**Input records**
▼
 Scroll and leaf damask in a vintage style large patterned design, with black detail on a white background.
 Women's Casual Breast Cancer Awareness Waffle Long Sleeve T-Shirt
▲
▼
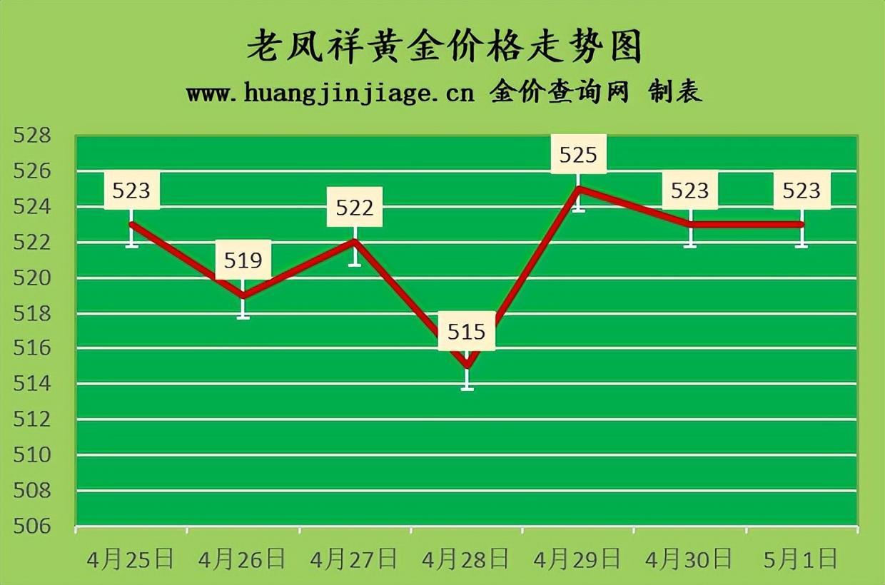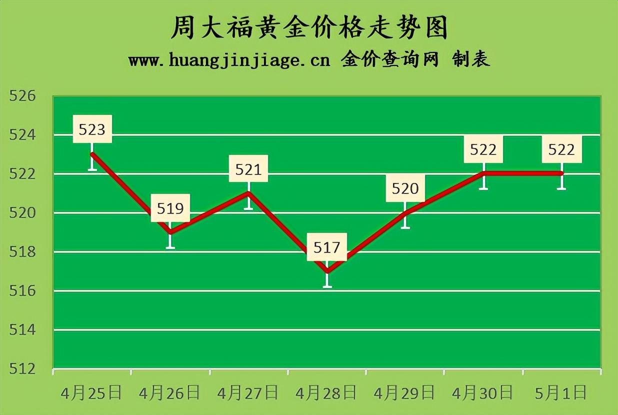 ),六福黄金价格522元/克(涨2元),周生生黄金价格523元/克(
▲
The reply should consist solely of the lines above from the one that has "Scroll and leaf" through the one that has "Women's Casual Breast", reproduced exactly.

**Task output**
 Scroll and leaf damask in a vintage style large patterned design, with black detail on a white background.
 Women's Casual Breast Cancer Awareness Waffle Long Sleeve T-Shirt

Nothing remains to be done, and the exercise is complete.